Statistical Challenges with Dataset Construction: Why You Will Never Have Enough Images

TL;DR

The paper tackles the gap between benchmark performance and real-world safety in computer vision by arguing that representative withheld test sets and non-random dataset construction cannot reliably estimate real-world failure rates. It formulates a formal framework around the target population $T$ and true accuracy $\bar{p}$, demonstrates that random sampling is often infeasible, and derives error bounds showing substantial uncertainty under non-random sampling. The key contributions include a rigorous critique of withheld test sets using non-random sampling theory, an analysis showing dataset bias cannot be cured by more data, and guidance toward evaluating model decision-making and reliability rather than sole accuracy. The work highlights the practical impact: deploying high-performing models in safety-critical domains without understanding decision processes risks catastrophic failures, and it calls for evaluation methodologies that prioritize reasoning, robustness, and verifiability over traditional accuracy metrics.

Abstract

Deep neural networks have achieved impressive performance on many computer vision benchmarks in recent years. However, can we be confident that impressive performance on benchmarks will translate to strong performance in real-world environments? Many environments in the real world are safety critical, and even slight model failures can be catastrophic. Therefore, it is crucial to test models rigorously before deployment. We argue, through both statistical theory and empirical evidence, that selecting representative image datasets for testing a model is likely implausible in many domains. Furthermore, performance statistics calculated with non-representative image datasets are highly unreliable.
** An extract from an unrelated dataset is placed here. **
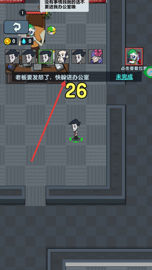 2、当显示【老板要发怒了,快躲进办公室】且倒计时【26】时,操控角色快速移动至安全区域。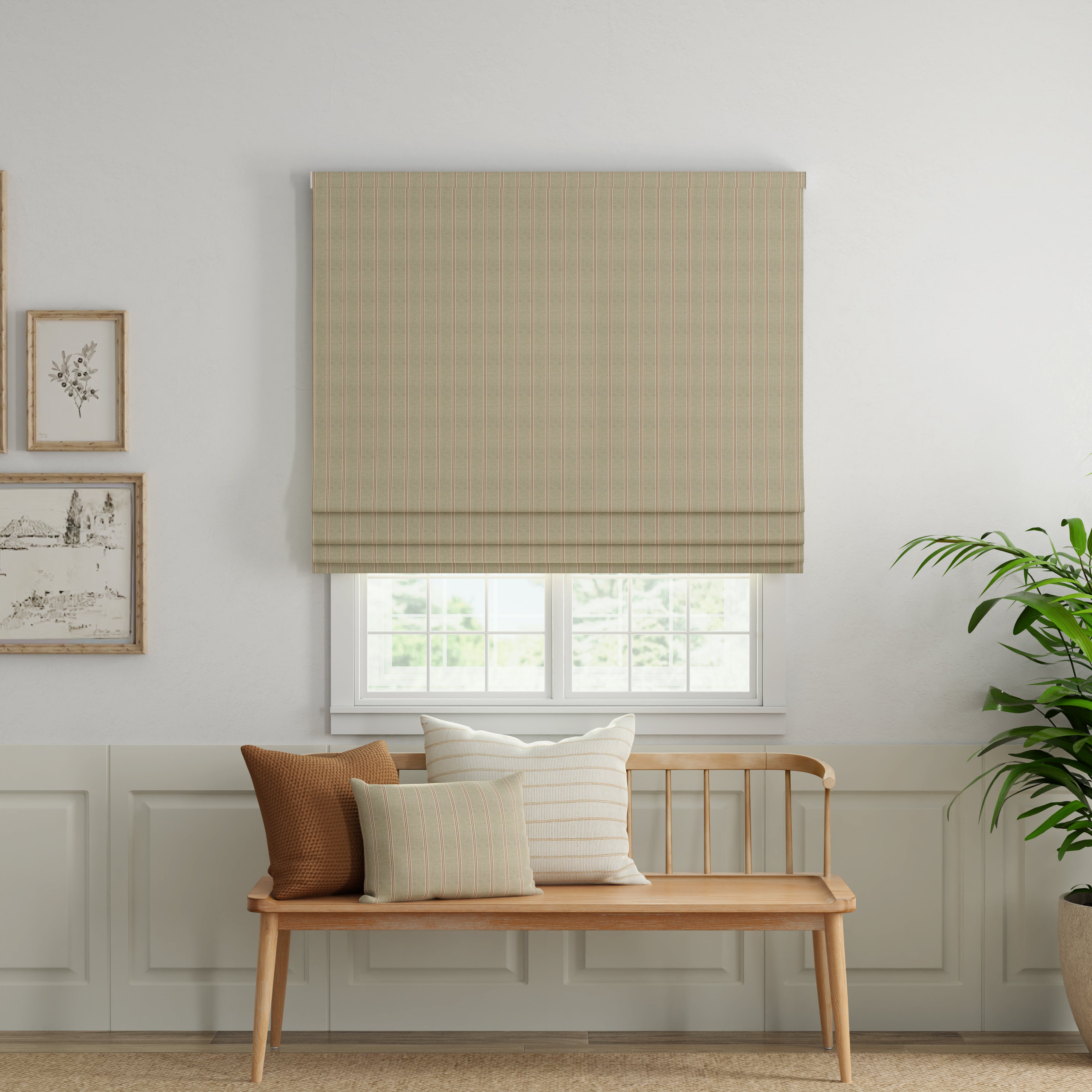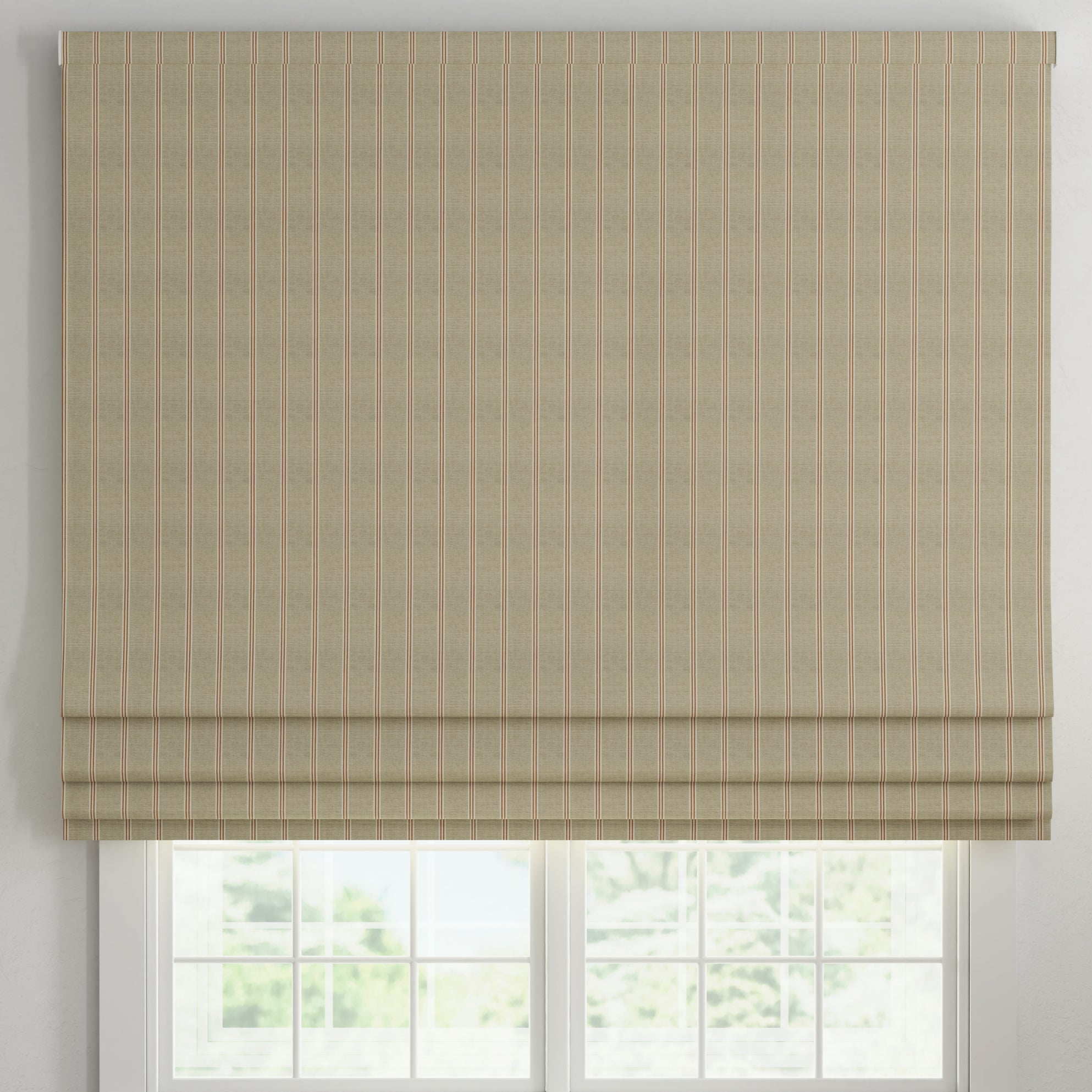 Expertly crafted from 100% cotton, this high-quality fabric boasts a timeless design with tonal background tones and contrasting coloured stripes. Its versatile use as Roman shades or curtains will add a touch of classic elegance to any space. The rust terracotta striped design and natural deep beige background make this fabric perfect for achieving a traditional and sophisticated look.

As a consequence, we cannot guarantee that models which perform well on withheld test images will also perform well in the real world. Creating larger and larger datasets will not help, and bias aware datasets cannot solve this problem either. Ultimately, there is little statistical foundation for evaluating models using withheld test sets. We recommend that future evaluation methodologies focus on assessing a model's decision-making process, rather than metrics such as accuracy.